Welcome

We welcome you to the FAIR research data management workshop. This interactive course is centered around the FAIR principles and their practical application in managing your research data efficiently. FAIR is an acronym and encompasses:

The FAIR data principles state that it should be easy to find research data, they should contain information about how to gain access to them, they should be compatible with other data, and possible to reuse.1 For instance, ensuring your data is well-organized and documented can make it easier for humans and machines to find and understand it and enable better reuse of the data. If the concept of the FAIR principles is new to you, take a minute to check this comprehensive overview of the GO FAIR initiative before starting this workshop.

FAIR principles and Open data

Please note that FAIR and open are not synonymous. Not all FAIR data is necessarily open; some datasets fulfill the FAIR principles but are not considered open data. Economic or legal constraints (e.g. patents) may prevent the dataset from being publicly available. For FAIR data, the conditions and ways to access the data must be clearly defined.2 On the other hand, there are numerous datasets that are publicly available but do not comply with the FAIR principles, as you will most likely see in the course of this workshop.

Who is this workshop for?

This workshop was designed for early career researchers who are either about to start or want to manage their empirical research data more effectively. Although it was developed with this target group in mind, it can most probably benefit many other researchers who are also consolidating their data management skills.

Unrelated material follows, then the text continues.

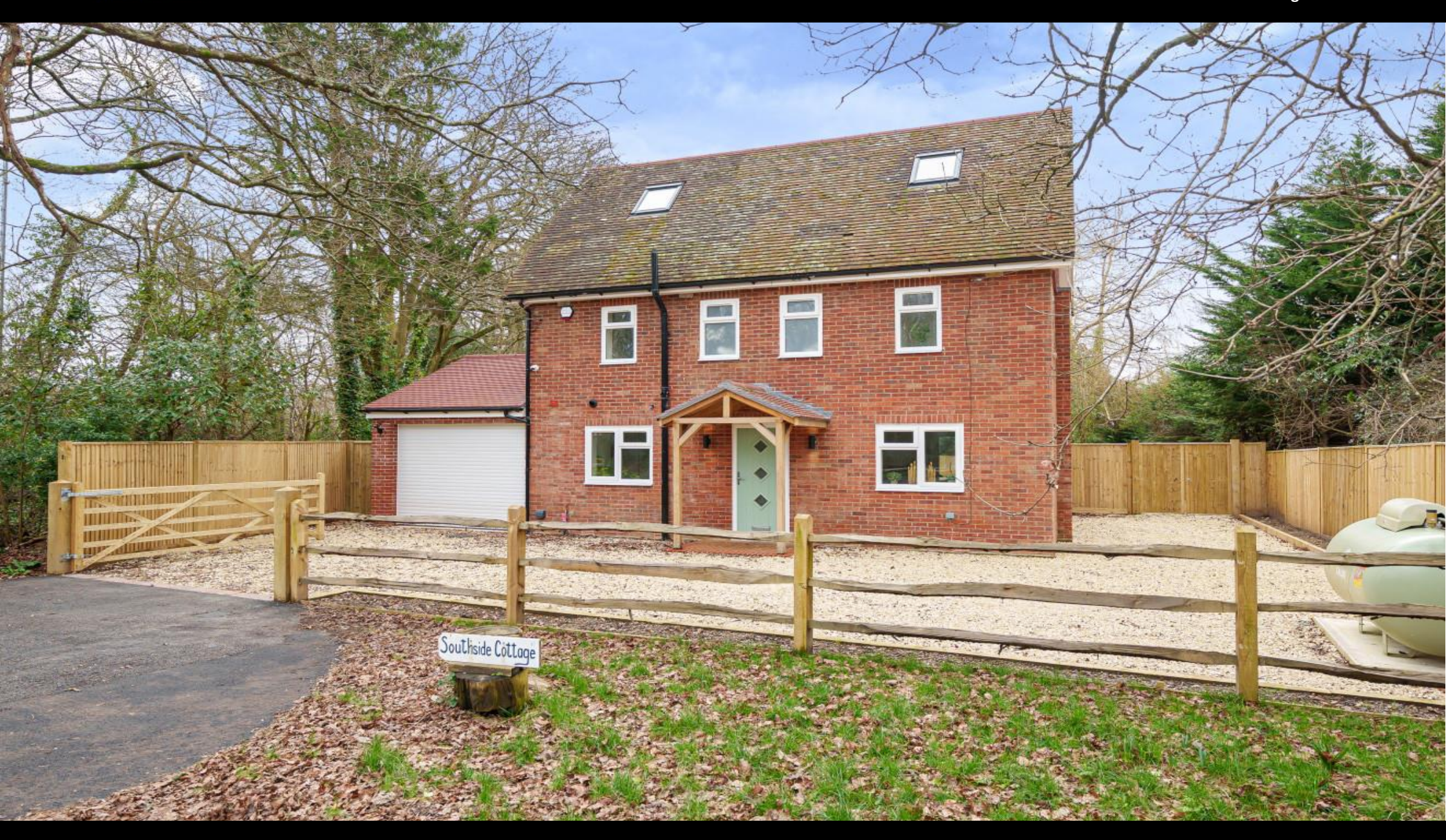
Botley Road, Shedfield, Southampton, Hampshire, SO32 2HN

What is the purpose of this workshop?

Appreciation of adequate data management usually occurs when looking into someone else’s data folder:

Piled Higher and Deeper by Jorge Cham

However, structures like this evolve over time and especially in the beginning of a project it is hard to imagine ending up with such a chaotic folder. Yet, more advanced participants can potentially think of an example where a folder tended to look similar, only that you are mastering your structures better than others.
This workshop will artificially advance your experience of navigating other researcher’s data, thereby hoping to point out good and bad practices that shall soon inspire your own data management. It also highlights the importance of planing the management of your data very early in the course of the project to benefit most from it: Having well-organized and documented data will not only increase their value and accessibility for the wider research community but also for your future self, when going back into your data folder e.g., for a revision after a year.

Benefits

We do know that the trend towards transparent and reproducible research is increasing, and more and more journals require researchers to publish the data on which their research results are based. The effort of publishing these data is negligible if you have a good data management strategy in place right from the beginning. Publishing FAIR data, i.e., data that are of actual use to others, also comes with numerous scientific benefits:

  • Data can be reused and cited in a timely manner. Citation of the data by other researchers increases visibility and can strengthen the reputation of your research.
  • New scientific collaborations may arise through data published according to FAIR, i.e., in reusable format. Collecting data is a time consuming business, so other researchers might as well benefit from already existing data (collected on public money), and you receive credit for producing the data.
  • Publishing data on which research results are based (in addition to the ‘traditional’ scientific articles) will support the credibility, reproducibility, and validity of the results. This increases public trust in science.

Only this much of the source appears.